The continued economic integration of North America has connected cross-border shoppers along the US-Canadian border. This paper explores the use of the US dollar in Canadian retail establishments along a geographical spine in Saskatchewan and Alberta, Canada. We find that distance away from the border is inversely related to the rate of US dollar acceptance in Saskatchewan. More important to the acceptance decision, however, is business maturity and provincial location in Saskatchewan.

Notes

The authors would like to thank Oleksandra Kravets for research assistance and the Johnson-Shoyama Graduate School for research support. The authors also thank three anonymous reviewers for their helpful comments and suggestions. We believe the paper is much improved because of their insights, however, the remaining errors are ours alone.

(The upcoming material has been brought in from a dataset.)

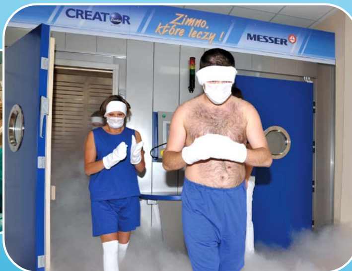
Krioterapia ogólnoustrojowa i miejscowa

1 Johnson-Shoyama Graduate School of Public Policy, 110-2 Research Drive, Innovation Place, University of Regina, Regina, SK, Canada S4S 7H1. Tel.: +1 306 585 4482.

2 Population figures are for 2010 and are found at: http://www.citypopulation.de/Canada.html.

3 As one reviewer noted, the degree of acceptance between the authors’ earlier study in Canada, albeit in a different region and focused solely on border communities, and the present study may also be a reflection of the change in the exchange rate where the Canadian dollar had strengthened considerably from 2004/2005 to the present 2012 study. As such, the US dollar may not be as desirable to hold for Canadian retailers over this period. This may indeed explain in part some willingness to retailer participation in currency substitution, though our present survey did not inquire specifically into this possibility—perhaps a research topic to be explored in the future. Regardless, Canadian retailers overwhelming accept US dollars in retail transactions.

4 The results are as follows: closer to the border by distance, ANOVA, F = 2.880, p = .095; closer to the border by city location, Pearson Chi-square = 12.808, df = 3, p = .005; and province, Alberta compared to Saskatchewan, Pearson Chi-square = 9.240, df = 1, p = .003. Additionally, the calculated Canadian dollar premium per US dollar for each community is as follows: Estevan = 0.0012; Lethbridge = 0.0225; Regina = −0.0088; and Saskatoon = −0.0061 (ANOVA, F = 4.700, p = .005).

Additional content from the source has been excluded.